• _Exercise prompt_: In the listing below, locate the line containing "silver tie asymmetrical" and the line containing "L'outil almanax liste". Output both of them and every line between, exactly as written, and nothing more.

• _The data_:
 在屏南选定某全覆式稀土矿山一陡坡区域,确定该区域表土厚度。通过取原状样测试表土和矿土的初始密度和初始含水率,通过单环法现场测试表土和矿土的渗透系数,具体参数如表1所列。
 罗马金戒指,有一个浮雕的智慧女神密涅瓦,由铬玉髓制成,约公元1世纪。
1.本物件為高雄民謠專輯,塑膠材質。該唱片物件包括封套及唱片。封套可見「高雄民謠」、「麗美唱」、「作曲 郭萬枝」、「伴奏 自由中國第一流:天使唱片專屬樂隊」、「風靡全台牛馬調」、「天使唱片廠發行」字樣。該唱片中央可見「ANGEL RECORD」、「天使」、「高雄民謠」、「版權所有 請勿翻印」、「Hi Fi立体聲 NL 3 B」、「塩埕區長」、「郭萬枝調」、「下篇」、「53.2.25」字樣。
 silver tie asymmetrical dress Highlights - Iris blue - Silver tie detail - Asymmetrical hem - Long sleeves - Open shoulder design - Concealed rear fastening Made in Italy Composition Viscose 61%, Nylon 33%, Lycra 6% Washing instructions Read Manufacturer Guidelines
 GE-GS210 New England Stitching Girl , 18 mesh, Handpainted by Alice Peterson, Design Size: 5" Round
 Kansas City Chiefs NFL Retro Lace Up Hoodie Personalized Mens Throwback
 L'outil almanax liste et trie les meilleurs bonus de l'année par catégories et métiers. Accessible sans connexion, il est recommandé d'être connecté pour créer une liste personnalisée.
* * *
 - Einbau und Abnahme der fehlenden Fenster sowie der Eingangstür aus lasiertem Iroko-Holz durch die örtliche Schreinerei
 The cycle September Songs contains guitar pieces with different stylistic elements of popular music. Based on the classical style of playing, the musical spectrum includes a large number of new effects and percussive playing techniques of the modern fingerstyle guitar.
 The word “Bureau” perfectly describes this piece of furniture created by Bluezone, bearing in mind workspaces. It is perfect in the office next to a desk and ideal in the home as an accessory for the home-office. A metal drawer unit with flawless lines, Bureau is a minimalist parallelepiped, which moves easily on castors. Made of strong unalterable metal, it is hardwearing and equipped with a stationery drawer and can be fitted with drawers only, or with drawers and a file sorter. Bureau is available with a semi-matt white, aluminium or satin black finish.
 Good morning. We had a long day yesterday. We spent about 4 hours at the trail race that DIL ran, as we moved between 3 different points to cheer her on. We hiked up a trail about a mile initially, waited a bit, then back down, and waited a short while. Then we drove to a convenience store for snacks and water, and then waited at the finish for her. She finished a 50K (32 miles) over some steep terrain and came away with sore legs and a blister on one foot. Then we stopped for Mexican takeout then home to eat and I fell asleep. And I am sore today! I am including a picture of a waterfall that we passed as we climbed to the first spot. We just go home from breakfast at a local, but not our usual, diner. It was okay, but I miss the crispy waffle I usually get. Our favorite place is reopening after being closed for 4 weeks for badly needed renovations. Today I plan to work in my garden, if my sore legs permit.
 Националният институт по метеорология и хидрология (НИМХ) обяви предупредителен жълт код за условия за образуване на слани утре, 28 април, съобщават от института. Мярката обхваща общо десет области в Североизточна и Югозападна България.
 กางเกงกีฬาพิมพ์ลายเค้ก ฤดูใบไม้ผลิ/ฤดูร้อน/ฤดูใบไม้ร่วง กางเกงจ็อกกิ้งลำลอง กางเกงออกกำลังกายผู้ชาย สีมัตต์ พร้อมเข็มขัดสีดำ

• _Worked solution_:
 silver tie asymmetrical dress Highlights - Iris blue - Silver tie detail - Asymmetrical hem - Long sleeves - Open shoulder design - Concealed rear fastening Made in Italy Composition Viscose 61%, Nylon 33%, Lycra 6% Washing instructions Read Manufacturer Guidelines
 GE-GS210 New England Stitching Girl , 18 mesh, Handpainted by Alice Peterson, Design Size: 5" Round
 Kansas City Chiefs NFL Retro Lace Up Hoodie Personalized Mens Throwback
 L'outil almanax liste et trie les meilleurs bonus de l'année par catégories et métiers. Accessible sans connexion, il est recommandé d'être connecté pour créer une liste personnalisée.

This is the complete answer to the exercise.